Harden Talks About Rehab Start

DES MOINES -- After being pushed back a day because of a battle with the stomach flu, Chicago Cubs right-hander Rich Harden made a rehab start for Class AAA Iowa Monday, recording six strikeouts in 4 2/3 innings of work.

Harden, who has been on the disabled list since late May with a mid-back strain, put forth a strong outing against the Round Rock Express, allowing one earned run, three hits and two walks. He left the game in the fifth inning with a 4-1 lead.

Harden was aided in the third with a four-run rally, which he contributed to with a walk and a run scored. In the fourth, he executed a sacrifice bunt to further his cause.

Iowa won the game, 10-3, as Harden received a no-decision.

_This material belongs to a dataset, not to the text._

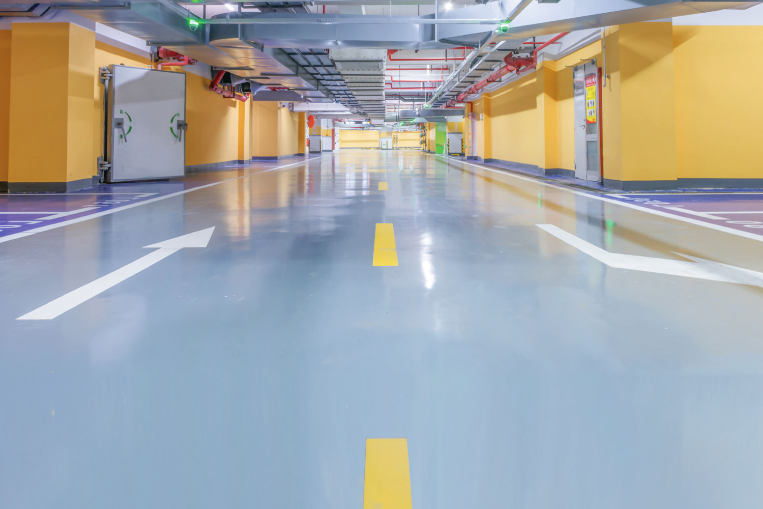 - طلاءات أرضية مقاومة للسَّحل: لصالونات الإنتاج، مواقف السيارات في المراكز التجارية والإدارية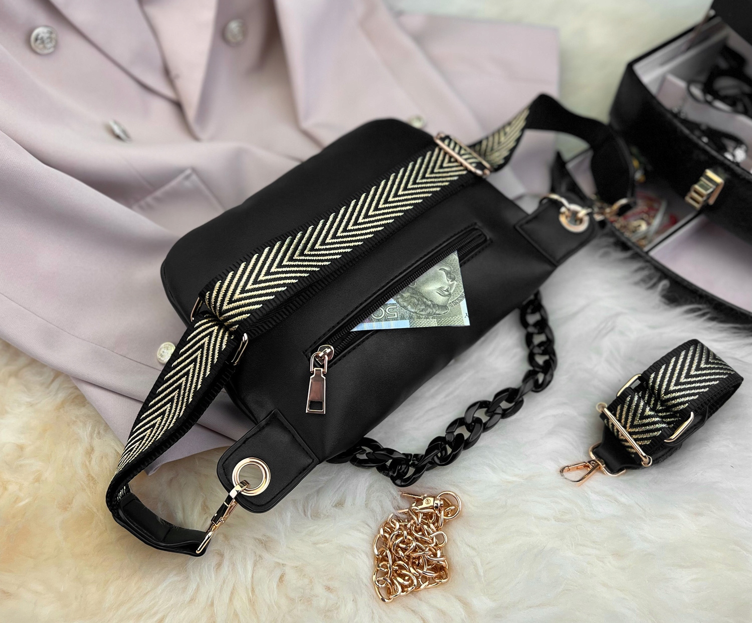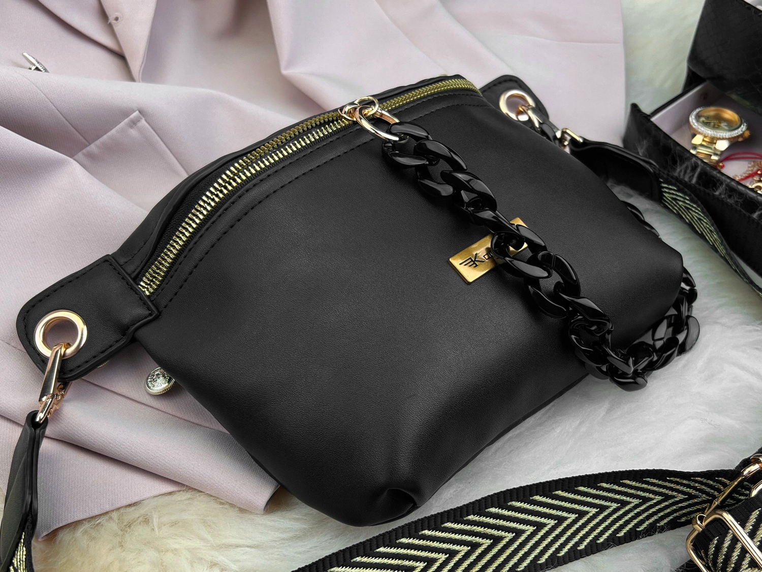 Nerka z mega wygodnym zamkiem, zakończona poręcznym łańcuchem. Dzięki zamykaniu na zamek, przy pomocy wygodnego łańcucha, otwieranie i zamykanie saszetki jest intuicyjne i bardzo, bardzo wygodne. Sam łańcuch prezentuje się niezwykle oryginalnie i elegancko. Dopełnieniem zaś jest zaś czarno-złoty, doczepiany pasek we wzór jodełki, wykonany z wysokiej jakości, mocnego polyestru.

Harden consistently threw in the mid to upper 80's throughout his four-plus innings and topped out at 91 mph. He threw 70 pitches, 44 strikes.

"It's different on the mound here just getting a little adrenaline going," Harden told reporters after the game. "I swear, the hardest I think I've ever thrown on a rehab was 93 [mph]."

Harden isn't planning on staying in Des Moines for long. He hopes to be starting for Chicago when the Cubs face the Minnesota Twins Saturday at Wrigley Field.

As far as Harden is concerned, he's 100 percent.

"I really wanted to get my pitch count up and get some work in. I'm ready to go." Harden said.

As for his parent club, Harden said he thinks it's only a matter of time before the Cubs start to click and put a string of wins together.

"Hopefully we'll hit a spot where we start to get on a roll and put everything together," Harden said. "It's like our pitching is there and our hitting isn't, or our hitting is there and our pitching isn't, and it's just (about) putting everything together."

Harden is ready to get back to Chicago, but said that Des Moines was an enjoyable experience for him.

"[Des Moines] isn't that small," Harden said. "Couple hundred thousand people. I grew up in Victoria, Canada, and that has a couple hundred thousand people, too. And I like the small-town feel. I love minor league towns. It's fun coming out to the baseball park and I've had fun."